Мир взорвался, взорвался в прямом смысле этого слова. Чудовищный столб огня вырвался из недр земли и поднял в воздух все, что находилось в радиусе двадцати шагов от него: обломки древесины, комья земли, искореженные жерла орудий и лафеты, а также множество обезображенных, хаотично дрыгавших изуродованными конечностями человеческих тел. Все произошло так быстро, так неожиданно, что выжившие целую минуту пребывали в оцепенении и смотрели, как падают с неба доски, металл и куски окровавленной плоти.
Только когда пыль осела и глазам капитана предстала ужасающая картина разрушения, он понял, какую непростительную ошибку совершил, бросив на занявшего артиллерийские позиции врага почти весь личный состав. Целью герканских пловцов было не захват орудий, не удержание их до прибытия подкрепления, им поручили взорвать находившийся в подземном блиндаже пороховой склад. Его оппонент, герканский командир, был не только умен, но и чрезвычайно жесток. Он отправил своих людей на верную гибель, не оставив им даже призрачного шанса выжить. В голове обескураженного капитана не укладывалось, как исполнять такой приказ согласились сами солдаты, явно осознающие, что идут на смерть? К тому же они не просто сражались, а дрались, как звери. Так сражаются лишь те, у кого с противником личные счеты.
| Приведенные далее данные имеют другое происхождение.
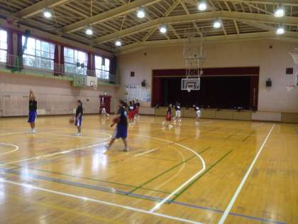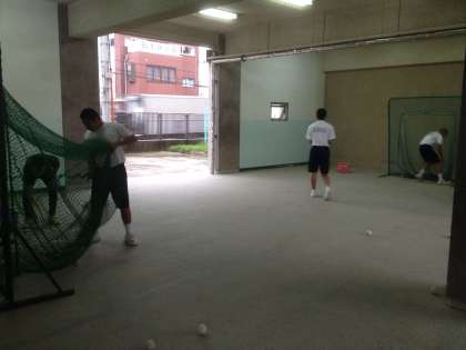 朝の練習は、野球部がピロティで、バスケ部が体育館でおこなっています。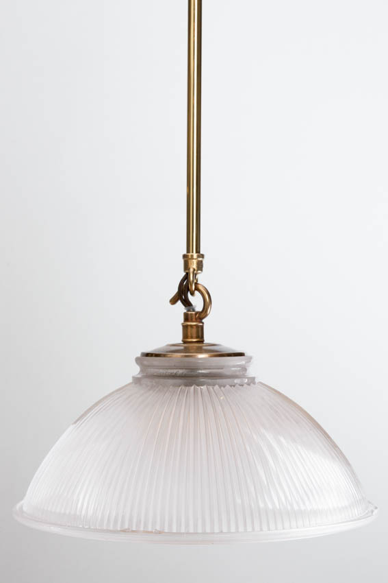 EARLY 20TH ENGLISH HOLOPHANE DISH LIGHT All are stamped with a holophane reference number. Electrified for the UK. Four available in total

«Но ведь война только-только началась!.. Откуда такая ненависть к филанийцам?!» – подумал капитан Пьерон и, чтобы хоть какое-то время не смотреть на режущие глаз последствия чудовищного взрыва, прильнул к подзорной трубе.
Увиденное в окуляр не помогло отправиться от шока и пораженческого настроения, а, наоборот, еще глубже низвергло командира заставы в пучину отчаяния. Ветер частично разогнал дымовую завесу, к тому же, видимо, услышав сотрясший округу взрыв, герканцы перестали подкидывать в костры еловые ветки с поленьями. На северном берегу озера копошились, как муравьи, около двух сотен солдат. Они волоком затаскивали на широкие, сколоченные из цельных сосновых стволов плоты двадцатичетырехдюймовые орудия. У фактически уже проигравшего битву филанийского капитана было богатое воображение, он мигом представил, что случится, когда эти мощные «малышки» достигнут середины озера, а канониры бросят якоря и откроют огонь. Они за считанные минуты разметают его форт по бревнышку, а уж только затем на опустевший филанийский берег ступит герканская пехота.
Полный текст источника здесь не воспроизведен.